# Semantic Layer Demo - DuckDB Version (No Java Required!)

This notebook demonstrates the semantic layer using **DuckDB** instead of PySpark. 
DuckDB requires no Java and runs entirely in the Colab environment.

**Advantages of this approach:**
- ✅ No Java installation needed
- ✅ Runs completely in Colab
- ✅ Fast in-memory SQL queries
- ✅ Perfect for data exploration

In [None]:
# Install dependencies
!pip install -q duckdb pandas

print("✓ Dependencies installed")

## Step 1: Create Sample Data

We'll create sample customers and transactions data, then build the gold semantic layer using DuckDB.

In [None]:
import duckdb
import pandas as pd
from datetime import datetime, timedelta
import random

# Create in-memory DuckDB connection
conn = duckdb.connect(':memory:')

# Sample customers
customers_data = {
    'customer_id': ['c_001', 'c_002', 'c_003', 'c_004', 'c_005'],
    'email': ['alice@example.com', 'bob@example.com', 'charlie@example.com', 
              'diana@example.com', 'eve@example.com']
}
customers_df = pd.DataFrame(customers_data)

# Sample transactions
transactions_data = {
    'transaction_id': ['t_001', 't_002', 't_003', 't_004', 't_005', 't_006', 't_007', 't_008', 't_009', 't_010'],
    'customer_id': ['c_001', 'c_001', 'c_001', 'c_002', 'c_002', 'c_003', 'c_004', 'c_004', 'c_004', 'c_005'],
    'amount': [45.50, 50.00, 49.99, 150.00, 150.00, 75.25, 100.00, 120.00, 110.00, 80.00]
}
transactions_df = pd.DataFrame(transactions_data)

# Register as DuckDB tables
conn.execute("CREATE TABLE customers AS SELECT * FROM customers_df")
conn.execute("CREATE TABLE transactions AS SELECT * FROM transactions_df")
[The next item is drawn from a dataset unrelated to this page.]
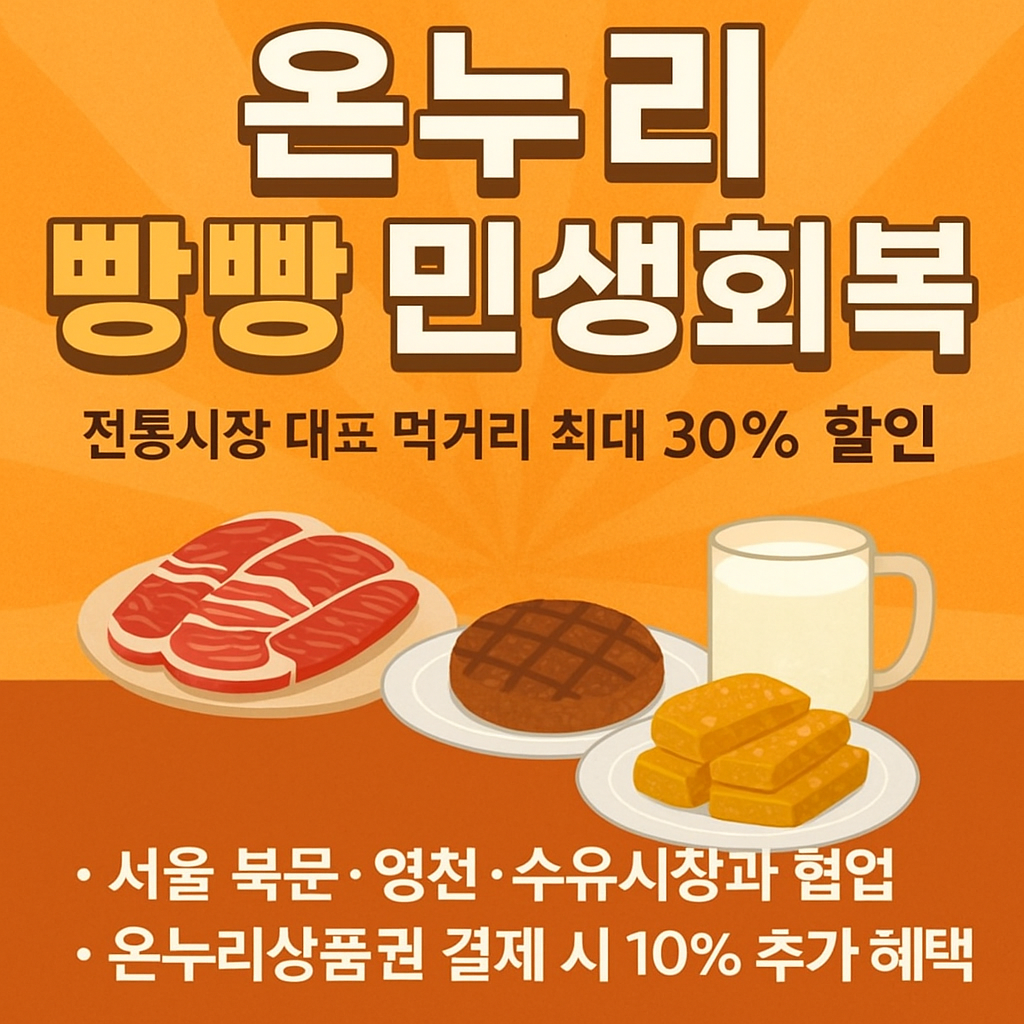 • 할인 혜택: 최대 30%, 온누리상품권 결제 시 10% 추가 할인 및 환급

print("✓ Sample data created\n")
print("Customers:")
print(customers_df)
print("\nTransactions:")
print(transactions_df)

## Step 2: Build Gold Semantic Layer

Create aggregated metrics per customer using DuckDB SQL.

In [7]:
# Build gold view (semantic layer) using DuckDB

gold_view_sql = """
SELECT 
    t.customer_id,
    SUM(t.amount) as total_spend,
    COUNT(t.transaction_id) as transaction_count,
    ROUND(AVG(t.amount), 2) as avg_transaction_amount
FROM transactions t
GROUP BY t.customer_id
ORDER BY total_spend DESC
"""

gold_df = conn.execute(gold_view_sql).fetch_df()

# Register gold view in DuckDB
conn.execute("CREATE TABLE gold_view AS " + gold_view_sql)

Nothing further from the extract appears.